DE2616775B2 - Method of increasing the strength of alumina - Google Patents

Description

The invention described in more detail below relates to a method for increasing the F / »C t ICrL · *»! t \ Jr \ T \ Δ liirriiniiimnvifJ wr

see deterrent proceedings.

The statements in German Patent 8 42 467 can be seen that it is already is known, in mixed crystalline materials (steatite plus silicon carbide) an increase in Achieving strength through quenching. However, these previously known works relate expressly only on mixed crystalline ceramic materials, as there are different types of crystals with an increase in volume cause internal tension and increase strength.

The present invention, on the other hand, concerns the hardening of oxide ceramic materials, primarily about aluminum oxide. These materials come into play throughout the manufacturing process only a single type of crystal. The mechanism for increasing the strength consists of one completely different course than that described in patent specification 8 42 467.

Looking at a cylindrical aluminum oxide sample during a quenching process The sheath and core of the sample in terms of their cooling behavior over time, it is easy to see that the Coat cools faster than the core. The locally different volume contraction caused by this calls In the first cooling phase compressive stresses in the core, tensile stresses emerge in the cladding, whereby im still hot core, the hot yield point is reached and pronounced flow occurs. During the Cooling down also cools the core. The tensions are now reversed in their sign, since the inner one The core had evaded the pressure by a flowing process while it was still hot; the one that cooled down immediately Coat could not flow, however. In other words, the last to cool down in the core Material particles are prevented from contracting by the jacket zones that have already cooled down.
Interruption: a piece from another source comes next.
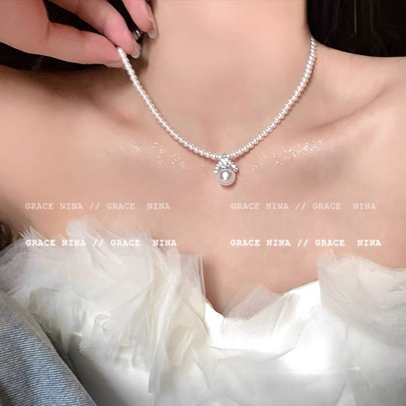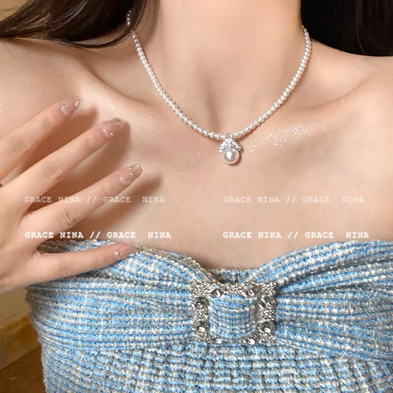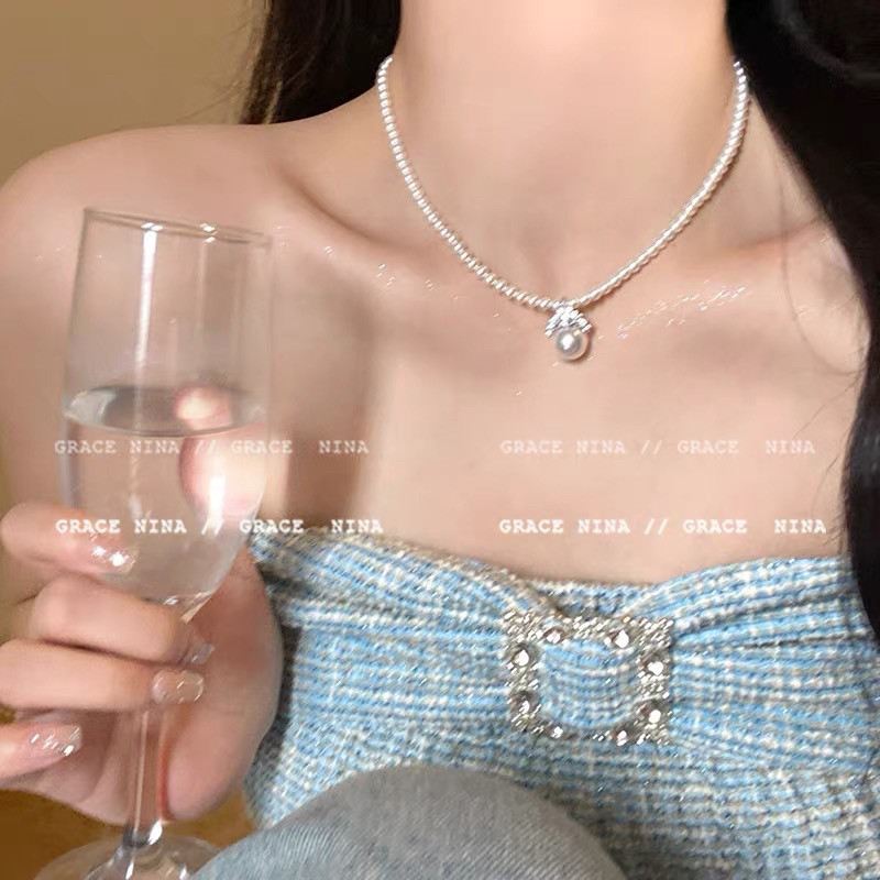 闪锆皇冠珍珠吊坠项链轻奢小众高级感锁骨链配饰女款

After cooling, the jacket is therefore under compressive stresses and the core under tensile stresses. These compressive stresses in the surface increase the strength in the material because they prevent it from adhering the surface forms a crack. This mechanism has been verified experimentally, that is, the The remaining surface tensions were determined by the X-ray peak shift method.

Kirchner (Journal of Applied Physics, Vol. 42, No. 10, Sept. 71; H. P. K i r c h η e r, R. E. W a I k e r and D. R. Platts, “Strengthening Aluminia by Quenching in various media «) has tested various quenching media, for example compressed air, helium gas, carbon dioxide gas, Silicone oils, motor oils. Kerosene and water. It turned out that silicone oil causes an increase in strength of over 100%, gases one comparatively lower. In the case of water, all samples broke during the quenching process.

The attempts indicated by Kirchner were understood, whereby a big disadvantage turned out: Already during the deterrent attempts went 60-70% of the samples broke due to shock and could not be tested for their strength.

It follows that the economical use of the materials concerned for the manufacture of Switches, insulators and other electrotechnical components solely from a quenching medium depends on the resiigkeiiserhöhurig the material cmc mediated, but does not allow it to break due to the thermal shock effect.

The economic use is expressed on the one hand in material savings and on the other hand in energy savings the end. However, this can only be guaranteed if as little as possible during the quenching process Material breaks.

The method of the present invention for increasing the strength of alumina is as follows handled:

Edging and circular samples are heated in a temperature range of 800-1700 ⁰ C in an oven in an oxidizing atmosphere and dropped upon reaching the respective desired temperature in the water-cooled quench.

This medium has room temperature and, according to the invention, consists of an emulsion of organic or inorganic oil and water or from oil and a liquid that has only a small proportion of water (for example aqueous solutions of all Kind like salt solutions or liquid-liquid solutions and mixtures). It can also include oil and acetic acid, oil and Formic acid, oil and carbon tetrachloride or even molten lead oxide can be used. the The presence of solids of any kind does not affect the effect of the emulsion in question in any way.

The aluminum oxide samples treated in this way were then, as is generally customary, on a B ^; ^ machine examined for its flexural strength.

For example, at a quenching temperature of 150 ° C., a flexural strength of 883.78 MN / m ^{2 was} achieved, with an initial strength of 380.15 MN / m ² , with not a single one breaking in a sample series of 50.

The above-described quenching process in oily emulsions results in an enormous increase in strength (132%) diffusion of carbon on or into the sample surface also took place. This diffusion arises from the decomposing oil at high temperatures and is of particular interest for biomedical engineering.

Claims (3)

Patent claims: 1. Process for increasing the strength of molded bodies made of aluminum oxide by heating in oxidizing atmosphere to 800-1700 ° C and subsequent quenching in a cooling Medium, characterized in that an emulsion of oil and water is used as the deterrent medium serves. 2. The method according to claim I. characterized in that the deterrent emulsion of oil and aqueous solutions of any kind. 3. The method according to claim I or 2, characterized in that the respective emulsion solids of any kind are added.